*PROBLEM DETAILS*. Omit every picture, then return each line of the data below exactly.

*PROVIDED MATERIAL*.

%%

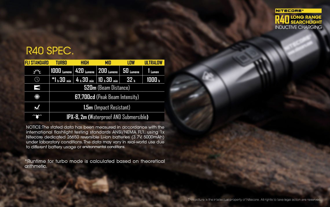 Hinweis: Die zuvor genannten Werte wurden im Labor unter der Verwendung von eines Nitecore NL2650DW mit 5000mAh ermittelt und können zwischen Taschenlampe, Batterien / Akkus und Umgebung abweichen.
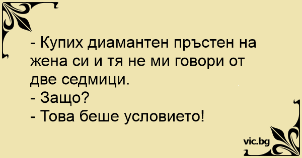 - Купих диамантен пръстен на жена си и тя не ми говори от две седмици.
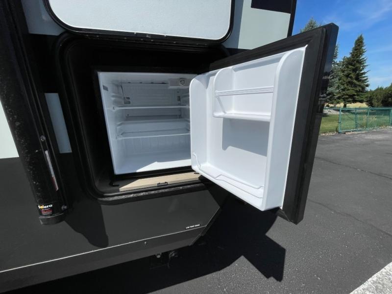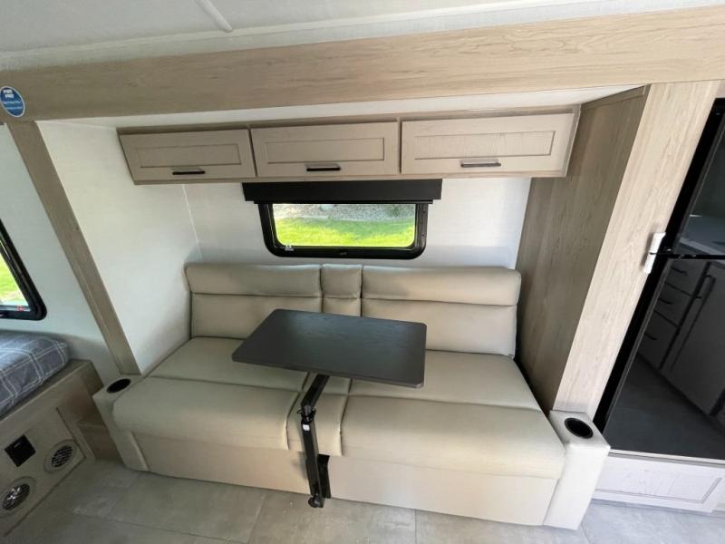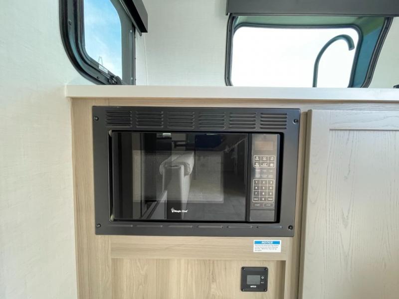 Are you looking for a lightweight trailer with at-home comforts? Take a look at this single slide out unit that can sleep three to four each night. There is a queen-size bed in the back with a 26" x 80" flip-up bunk for cozy sleeping space, a 72" sofa with cupholders to relax on, plus a 32" 12V TV for movie nights! The front kitchen includes a 12V refrigerator to store food, plus a microwave oven and a gas oven to cook meals each day.

%%

*WRITTEN SOLUTION*.
 Hinweis: Die zuvor genannten Werte wurden im Labor unter der Verwendung von eines Nitecore NL2650DW mit 5000mAh ermittelt und können zwischen Taschenlampe, Batterien / Akkus und Umgebung abweichen.
 - Купих диамантен пръстен на жена си и тя не ми говори от две седмици.
 Are you looking for a lightweight trailer with at-home comforts? Take a look at this single slide out unit that can sleep three to four each night. There is a queen-size bed in the back with a 26" x 80" flip-up bunk for cozy sleeping space, a 72" sofa with cupholders to relax on, plus a 32" 12V TV for movie nights! The front kitchen includes a 12V refrigerator to store food, plus a microwave oven and a gas oven to cook meals each day.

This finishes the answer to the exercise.